• MATERIAL TO PROCESS
****************************************
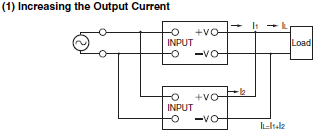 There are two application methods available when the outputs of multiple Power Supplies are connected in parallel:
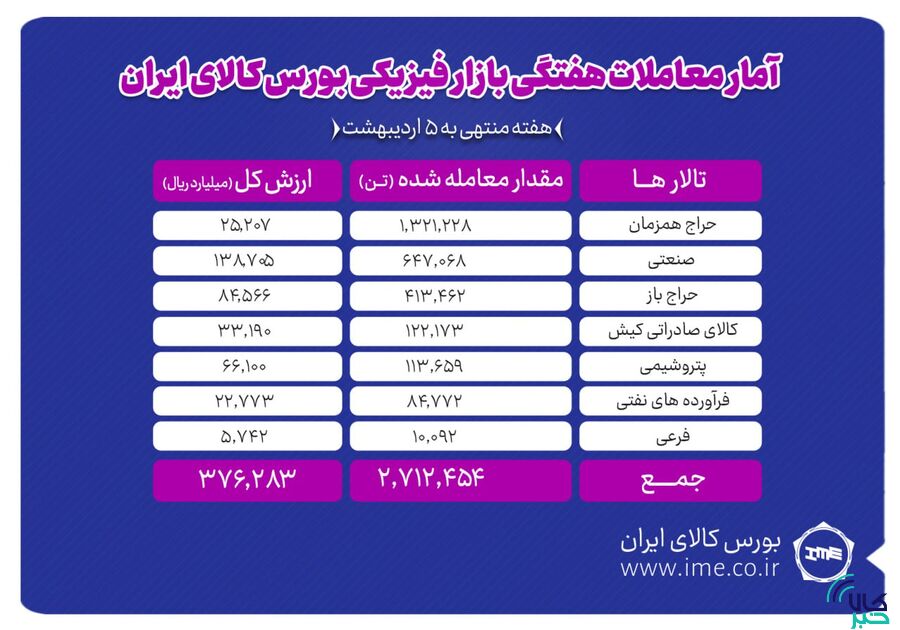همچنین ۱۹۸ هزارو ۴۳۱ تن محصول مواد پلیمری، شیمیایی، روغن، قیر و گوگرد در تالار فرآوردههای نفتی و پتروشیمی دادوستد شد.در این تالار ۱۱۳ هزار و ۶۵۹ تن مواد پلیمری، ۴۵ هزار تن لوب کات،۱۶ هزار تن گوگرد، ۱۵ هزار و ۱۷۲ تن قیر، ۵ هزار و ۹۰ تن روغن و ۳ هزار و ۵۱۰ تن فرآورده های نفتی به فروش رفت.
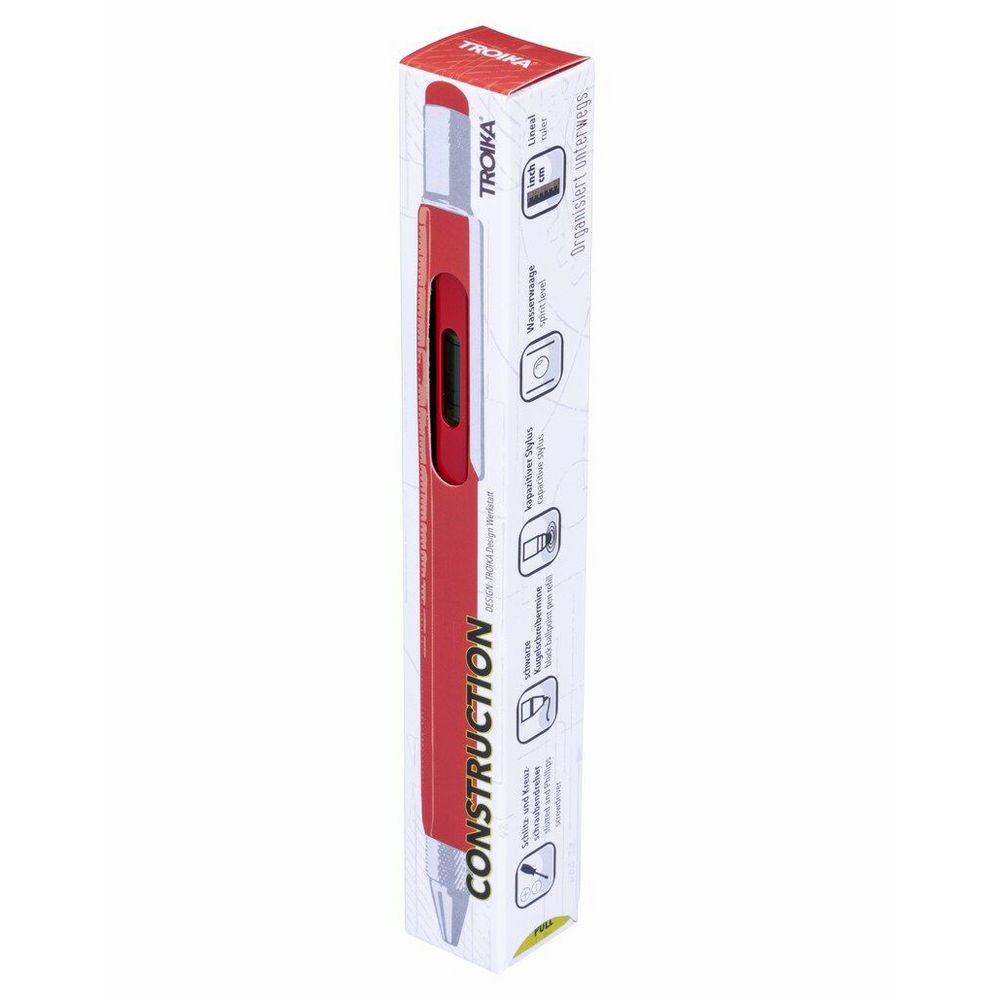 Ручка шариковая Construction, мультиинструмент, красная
****************************************
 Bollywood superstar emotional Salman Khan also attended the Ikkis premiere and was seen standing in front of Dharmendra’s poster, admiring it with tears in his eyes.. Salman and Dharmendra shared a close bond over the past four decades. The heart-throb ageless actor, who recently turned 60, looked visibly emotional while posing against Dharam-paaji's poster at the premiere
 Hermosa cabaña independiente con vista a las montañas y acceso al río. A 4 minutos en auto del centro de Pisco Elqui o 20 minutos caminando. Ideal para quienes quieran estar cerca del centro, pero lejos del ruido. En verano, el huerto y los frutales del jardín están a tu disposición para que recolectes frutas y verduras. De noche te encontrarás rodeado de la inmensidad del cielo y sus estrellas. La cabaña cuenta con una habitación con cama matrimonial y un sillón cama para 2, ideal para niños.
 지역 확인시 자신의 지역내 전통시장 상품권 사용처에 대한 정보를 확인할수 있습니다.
****************************************
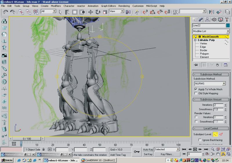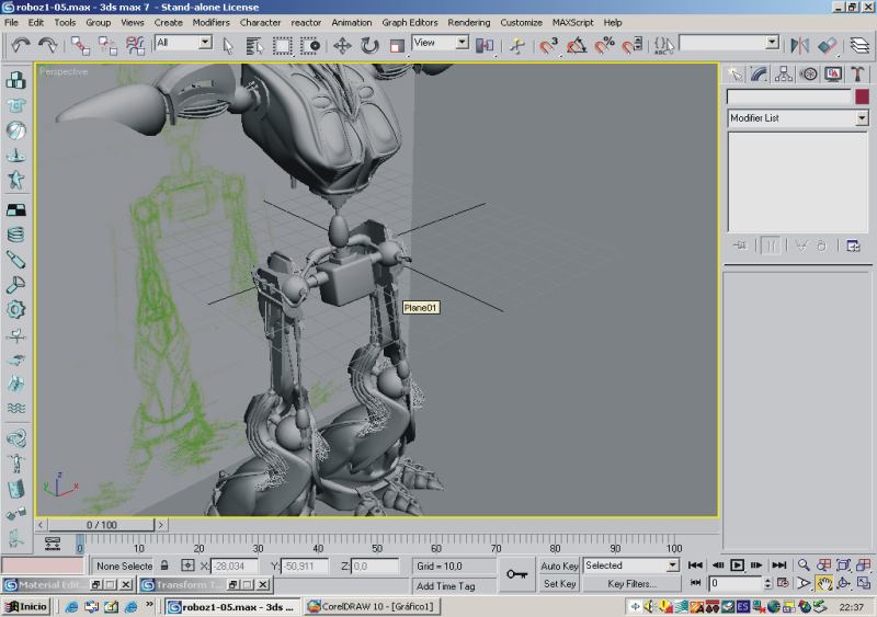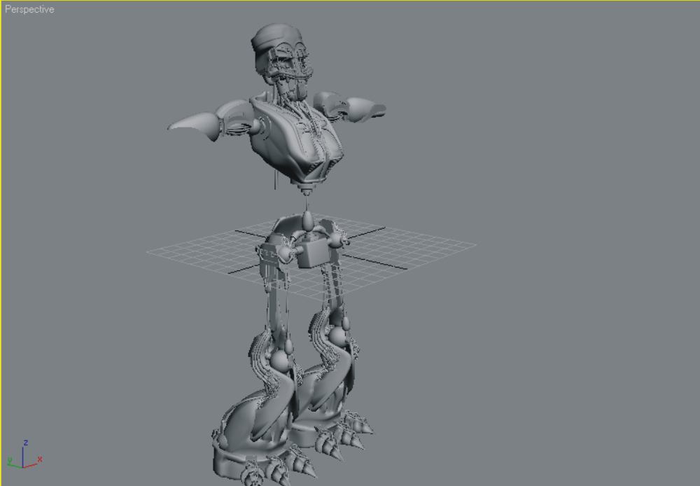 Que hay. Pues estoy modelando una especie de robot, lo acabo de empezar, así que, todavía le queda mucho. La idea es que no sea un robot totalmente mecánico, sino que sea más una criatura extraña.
****************************************
• EXERCISE BRIEF
Both boundary lines included, write out word for word only the lines above from the one containing "There are two" to the one containing "Ручка шариковая Construction, мультиинструмент, красная", leaving out any pictures.

• WRITTEN ANSWER
 There are two application methods available when the outputs of multiple Power Supplies are connected in parallel:
همچنین ۱۹۸ هزارو ۴۳۱ تن محصول مواد پلیمری، شیمیایی، روغن، قیر و گوگرد در تالار فرآوردههای نفتی و پتروشیمی دادوستد شد.در این تالار ۱۱۳ هزار و ۶۵۹ تن مواد پلیمری، ۴۵ هزار تن لوب کات،۱۶ هزار تن گوگرد، ۱۵ هزار و ۱۷۲ تن قیر، ۵ هزار و ۹۰ تن روغن و ۳ هزار و ۵۱۰ تن فرآورده های نفتی به فروش رفت.
 Ручка шариковая Construction, мультиинструмент, красная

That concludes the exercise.